Она вышла из будуара, опираясь на руку Люсьена, и, с высокомерием великосветской дамы бросив вызов обществу, повела его подписывать брачный договор.
— Подпишем вместе, не так ли?.. — сказала она, подавая перо Люсьену.
Люсьен предоставил ей указать ему место, где она расписалась, чтобы подписи их стояли рядом.
— Неужто, господин де Сенонш, вы не признали господина де Рюбампре? — спросила графиня, тем самым поставив дерзкого охотника перед необходимостью поклониться Люсьену.
Луиза воротилась с Люсьеном в гостиную и усадила его между собой и Зефириной на роковое канапе посредине комнаты. И, восседая на троне точно королева, вполголоса повела язвительный разговор, который поддержали кое-кто из ее прежних друзей и несколько дам, составлявших ее свиту. Вскоре Люсьен стал героем кружка и, подхватив затеянный графинею разговор о Париже, с чрезвычайным воодушевлением тут же сочинил сатиру на парижскую жизнь, пересыпая свои остроты анекдотами по поводу разных знаменитостей, что явилось настоящим лакомством для провинциалов. Все восхищались умом Люсьена не менее, чем его наружностью. Графиня Сикст дю Шатле так явно торжествовала победу Люсьена, так искусно играла на всех его струнах, как женщина, очарованная своим инструментом, так кстати она подавала ему реплики, так выразительны были ее взгляды, молившие о поощрении очаровательного юноши, что многие дамы уже усматривали в одновременном возвращении Луизы и Люсьена глубокую любовь, ставшую жертвой какого-то обоюдного недоразумения. Как знать, не досада ли послужила причиной ее злосчастного брака с дю Шатле? И не раскаивается ли она теперь в своем опрометчивом поступке?
— Ну, итак, — вполголоса сказала Луиза Люсьену в час ночи, подымаясь с канапе, — увидимся послезавтра; прошу вас, приходите непременно.
Она легким наклонением головы чрезвычайно любезно простилась с Люсьеном и, подойдя к графу Сиксту, искавшему шляпу, сказала ему что-то.
— Если верно то, что мне сейчас сообщила графиня, рассчитывайте на меня, дорогой Люсьен, — сказал префект, кинувшись вслед за женой, которая, как и в Париже, уезжала, не ожидая его. — С нынешнего вечера ваш зять может быть спокоен.
— Долг, как говорят, платежом красен, граф, — отвечал Люсьен, улыбнувшись.
— Гм!.. А нам таки натянули нос, — сказал Куэнте, свидетель этого прощания, на ухо Пти-Кло.

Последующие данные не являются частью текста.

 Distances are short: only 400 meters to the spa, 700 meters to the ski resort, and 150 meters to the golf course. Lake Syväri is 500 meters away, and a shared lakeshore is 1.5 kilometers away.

Пти-Кло, пораженный успехом Люсьена, ошеломленный блеском его ума, изяществом манер, глядел на Франсуазу де Ляэ, восхищенная физиономия которой, казалось, говорила ему: «Ах, если бы вы были похожи на вашего друга!»

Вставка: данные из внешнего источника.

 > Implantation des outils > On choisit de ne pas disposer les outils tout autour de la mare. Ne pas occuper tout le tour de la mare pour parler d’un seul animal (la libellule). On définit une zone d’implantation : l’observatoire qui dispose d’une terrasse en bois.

Луч радости скользнул по лицу Пти-Кло.
— Но ведь обед у префекта состоится только послезавтра; стало быть, у нас еще целый день впереди, — сказал он, — я отвечаю за все!
— Вот видите, мой милый, — говорил Люсьен, возвращаясь с Пти-Кло в два часа ночи пешком домой, — пришел, увидел, победил! Еще несколько часов, и Сешар будет счастлив.
«Вот все, что мне и требовалось знать», — подумал Пти-Кло, а вслух сказал: — Я полагал, что ты только поэт, а ты еще и Лозен[230]! А стало быть, вдвойне поэт. — И они обменялись рукопожатием, которому суждено было стать последним.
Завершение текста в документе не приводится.